[Opening Data to process section]
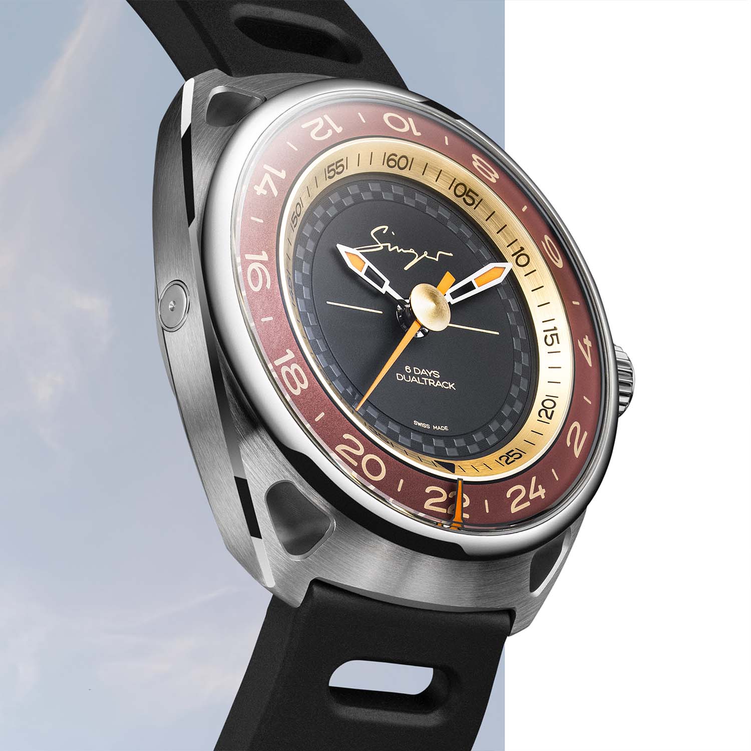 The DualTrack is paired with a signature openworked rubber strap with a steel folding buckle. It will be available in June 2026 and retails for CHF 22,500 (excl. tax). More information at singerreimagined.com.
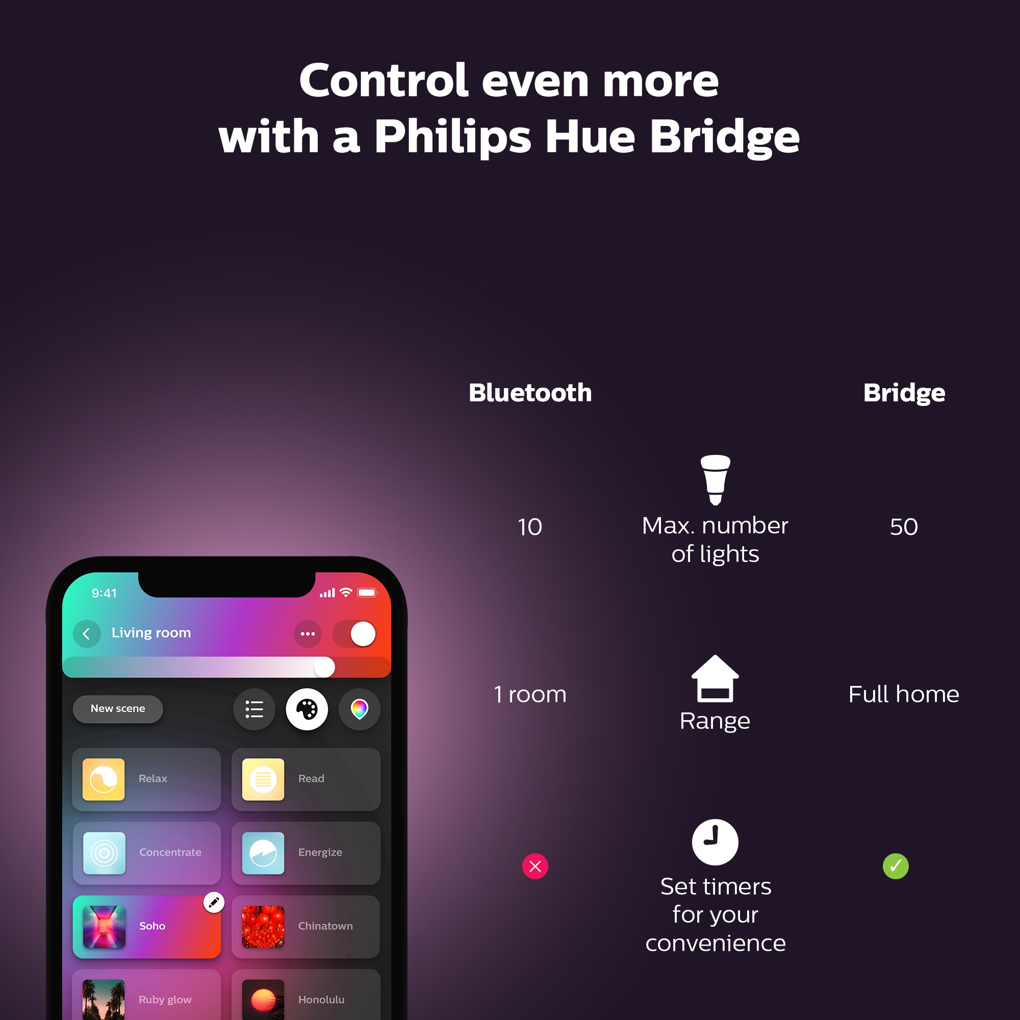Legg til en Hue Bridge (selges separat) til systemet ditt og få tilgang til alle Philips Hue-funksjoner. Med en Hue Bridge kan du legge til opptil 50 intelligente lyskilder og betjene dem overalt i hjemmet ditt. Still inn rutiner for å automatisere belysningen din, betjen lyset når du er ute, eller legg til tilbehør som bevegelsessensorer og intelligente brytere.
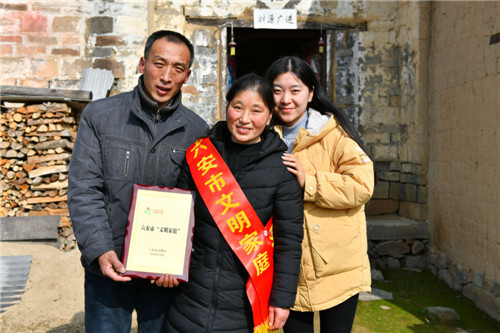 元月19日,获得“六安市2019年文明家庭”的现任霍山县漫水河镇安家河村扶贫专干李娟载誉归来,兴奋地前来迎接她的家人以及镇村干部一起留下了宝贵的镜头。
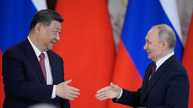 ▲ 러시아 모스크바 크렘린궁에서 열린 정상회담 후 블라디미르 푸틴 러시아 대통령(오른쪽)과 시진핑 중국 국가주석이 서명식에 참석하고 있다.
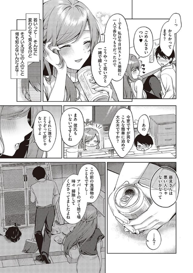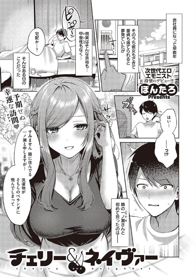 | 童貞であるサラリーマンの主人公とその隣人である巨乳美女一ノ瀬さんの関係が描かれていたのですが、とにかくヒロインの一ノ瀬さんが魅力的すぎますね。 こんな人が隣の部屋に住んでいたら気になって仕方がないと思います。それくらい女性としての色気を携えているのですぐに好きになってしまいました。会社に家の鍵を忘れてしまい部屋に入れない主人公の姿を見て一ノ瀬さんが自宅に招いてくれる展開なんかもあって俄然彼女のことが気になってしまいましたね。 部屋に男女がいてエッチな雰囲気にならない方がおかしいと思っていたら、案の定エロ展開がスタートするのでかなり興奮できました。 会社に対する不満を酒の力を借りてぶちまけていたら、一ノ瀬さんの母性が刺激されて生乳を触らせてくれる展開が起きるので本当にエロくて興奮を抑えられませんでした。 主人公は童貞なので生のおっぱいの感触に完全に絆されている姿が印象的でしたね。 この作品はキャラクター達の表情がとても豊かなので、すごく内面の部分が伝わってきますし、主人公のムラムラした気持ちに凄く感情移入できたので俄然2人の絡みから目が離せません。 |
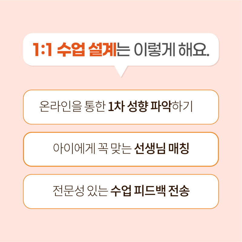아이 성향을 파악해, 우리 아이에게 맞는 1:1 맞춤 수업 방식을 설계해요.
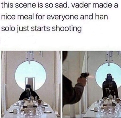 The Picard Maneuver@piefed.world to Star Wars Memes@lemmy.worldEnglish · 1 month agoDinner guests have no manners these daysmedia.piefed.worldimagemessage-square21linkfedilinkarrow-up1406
[Closing Data to process section]
Exercise details:
What is needed is an exact copy of the lines above, from the one holding "Legg til en" down to the one holding "서명식에 참석하고 있다.", with those two included and the pictures left out.

Task response:
Legg til en Hue Bridge (selges separat) til systemet ditt og få tilgang til alle Philips Hue-funksjoner. Med en Hue Bridge kan du legge til opptil 50 intelligente lyskilder og betjene dem overalt i hjemmet ditt. Still inn rutiner for å automatisere belysningen din, betjen lyset når du er ute, eller legg til tilbehør som bevegelsessensorer og intelligente brytere.
 元月19日,获得“六安市2019年文明家庭”的现任霍山县漫水河镇安家河村扶贫专干李娟载誉归来,兴奋地前来迎接她的家人以及镇村干部一起留下了宝贵的镜头。
 ▲ 러시아 모스크바 크렘린궁에서 열린 정상회담 후 블라디미르 푸틴 러시아 대통령(오른쪽)과 시진핑 중국 국가주석이 서명식에 참석하고 있다.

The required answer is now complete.